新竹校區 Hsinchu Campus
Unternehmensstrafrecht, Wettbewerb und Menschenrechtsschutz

...

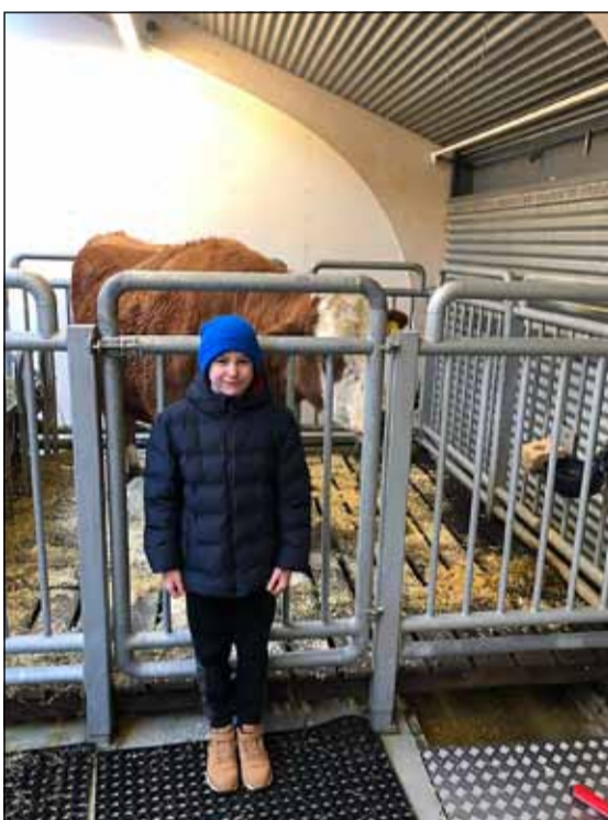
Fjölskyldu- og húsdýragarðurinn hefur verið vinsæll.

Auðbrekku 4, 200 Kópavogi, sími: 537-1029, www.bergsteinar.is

#### Task instructions
Write down exactly the span of lines above from the one containing "新竹校區 Hsinchu Campus" to the one containing "Unternehmensstrafrecht, Wettbewerb und", both ends included.

#### Solved problem
新竹校區 Hsinchu Campus
Unternehmensstrafrecht, Wettbewerb und Menschenrechtsschutz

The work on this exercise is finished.